- Promotional poster featuring most of the participants
- Promotion: CyberFight
- Brand: DDT Pro-Wrestling
- Date: February 14, 2021
- City: Kawasaki, Japan
- Venue: Culttz Kawasaki
- Attendance: 900
- Tagline: If you want to see pro-wrestling, DDT!

Event chronology
| ← Previous Ultimate Party 2020 | Next → Into The Fight 2021 |

= Kawasaki Strong 2021 =

2021 DDT Pro-Wrestling event

Kawasaki Strong 2021 was a professional wrestling event promoted by CyberFight's DDT Pro-Wrestling (DDT). It took place on February 14, 2021, in Kawasaki, Japan, at the Culttz Kawasaki arena. The event aired live on Fighting TV Samurai and on DDT's streaming service Wrestle Universe.

Eight matches were contested at the event. The main event saw Jun Akiyama defeat Tetsuya Endo to win the KO-D Openweight Championship. In another prominent match, Yuki Ueno successfully retained the DDT Universal Championship against Yukio Sakaguchi.

==Production==

Other on-screen personnel
| Role: | Name: |
| Commentators | Sayoko Mita |
Haruo Murata
Kenta Kobashi (guest)
| Ring announcer | Inoue Mic |
| Referees | Yukinori Matsui |
Daisuke Kiso

===Background===
Usually, DDT holds two major events each year, often in venues such as the Ryōgoku Kokugikan, the Nippon Budokan or the Ota City General Gymnasium. As a result of the COVID-19 pandemic in Japan and the rescheduled 2020 Summer Olympics, DDT had to consider new venues for their 2021 events and picked the Culttz Kawasaki arena located in Kawasaki, Kanagawa.

===Storylines===
The show featured eight professional wrestling matches that resulted from scripted storylines, where wrestlers portray villains, heroes, or less distinguishable characters in the scripted events that build tension and culminate in a wrestling match or series of matches.

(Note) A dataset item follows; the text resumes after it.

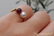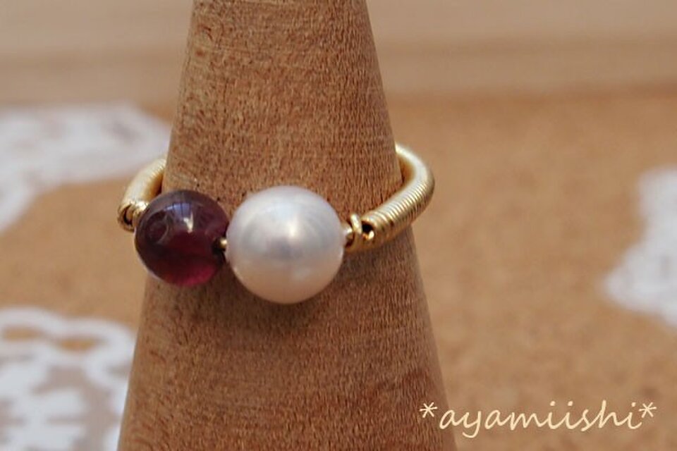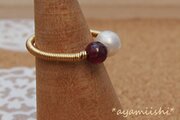 ガーネットとヴィンテージパールを並べて、ワイヤーでピンキーリングを作りました。

On December 27, 2020, Jun Akiyama defeated Konosuke Takeshita in the final of the D-Oh Grand Prix 2021 tournament, earning himself first contendership to the KO-D Openweight Championship held by Tetsuya Endo. The match was then officially signed the next day at a press conference.

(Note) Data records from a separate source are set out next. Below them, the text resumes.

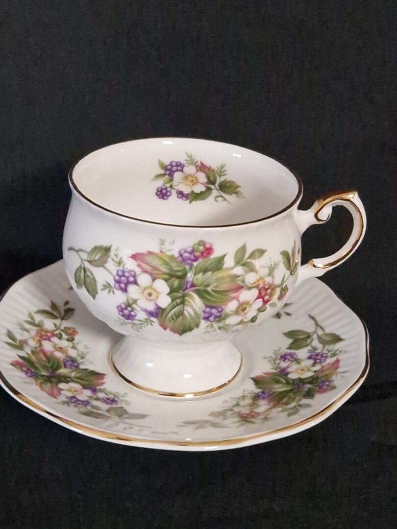 Mooie dames kop en schotel van Royal Philip met een bramenboeket.
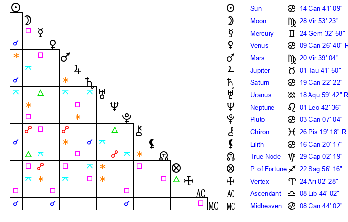 | Neptune | 1 Leo 52 | 27 Pisces 17 | 29 Cancer 54 |
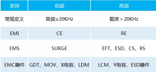 ➢ 从EMI的角度考虑,CE(传导)属于低频,RE属于高频;

On November 3, 2020, at Ultimate Party 2020, Yuki Ueno became the 4th DDT Universal Champion by defeating Chris Brookes. After successfully defending it for the second time on January 9, 2021, he asked for his next challenger to be Yukio Sakaguchi, from whom he said he learned a lot in the past year. Sakaguchi accepted the match, then, in the backstage interview that followed, snuck up behind Ueno and applied a sleeper hold to choke him out.

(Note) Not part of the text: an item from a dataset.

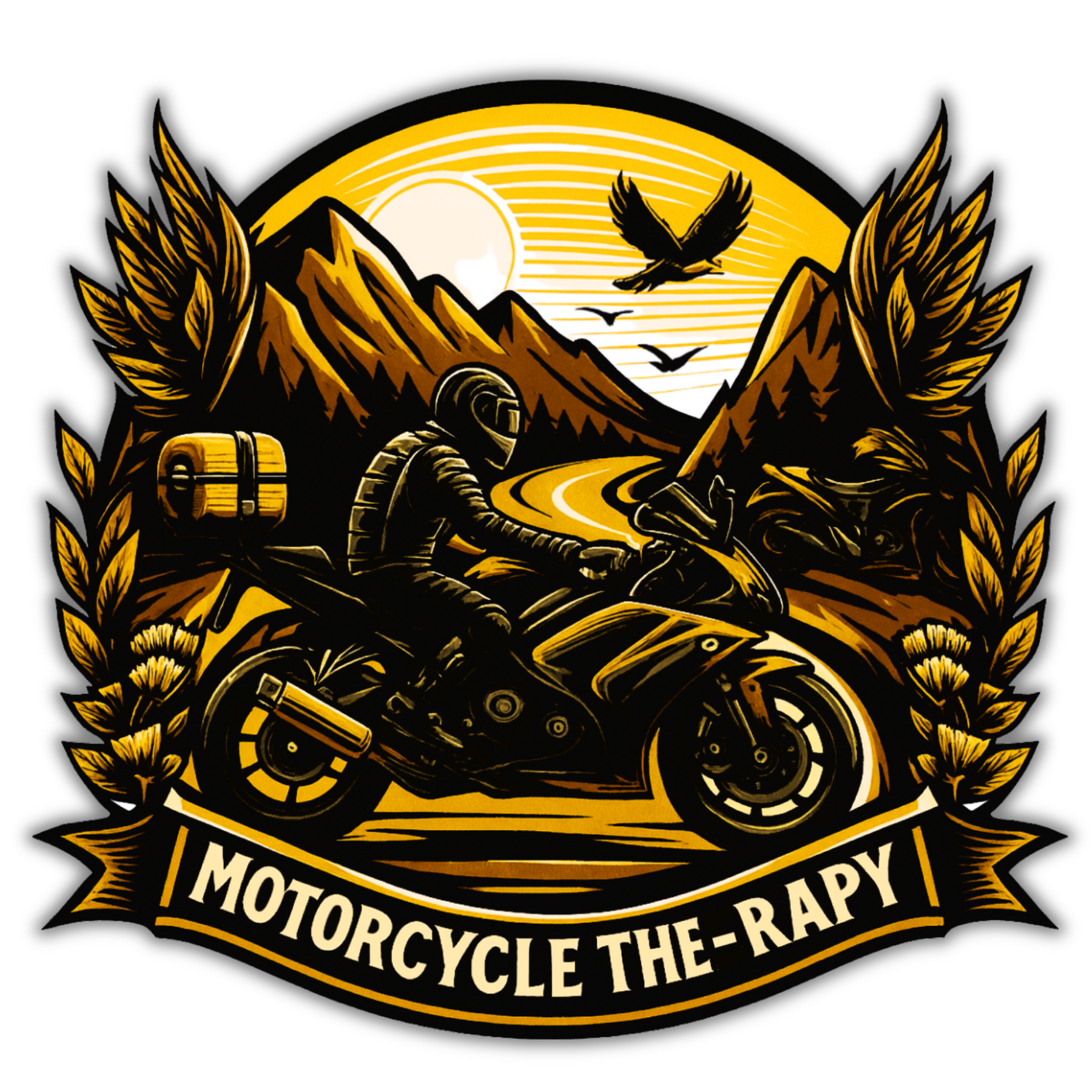 MOTORCYCLE THERAPY STICKER – RIDER ADVENTURE & TRAVEL DECAL

On December 21, 2020, the KO-D 10-Man Tag Team Championship was vacated and renamed "KO-D 8-Man Tag Team Championship" due to the difficulty of scheduling a proper title defense during the pandemic. A title match was immediately announced for the Kawasaki Strong 2021 event in which a team led by Sanshiro Takagi would face a team led by Shinya Aoki. The remaining participants were later announced one after another. Takagi and Aoki had previously been fighting over the DDT Extreme Division Championship with Takagi finally winning the title and ending Aoki's 237 days reign (the third longest in the title history) at Ultimate Party 2020.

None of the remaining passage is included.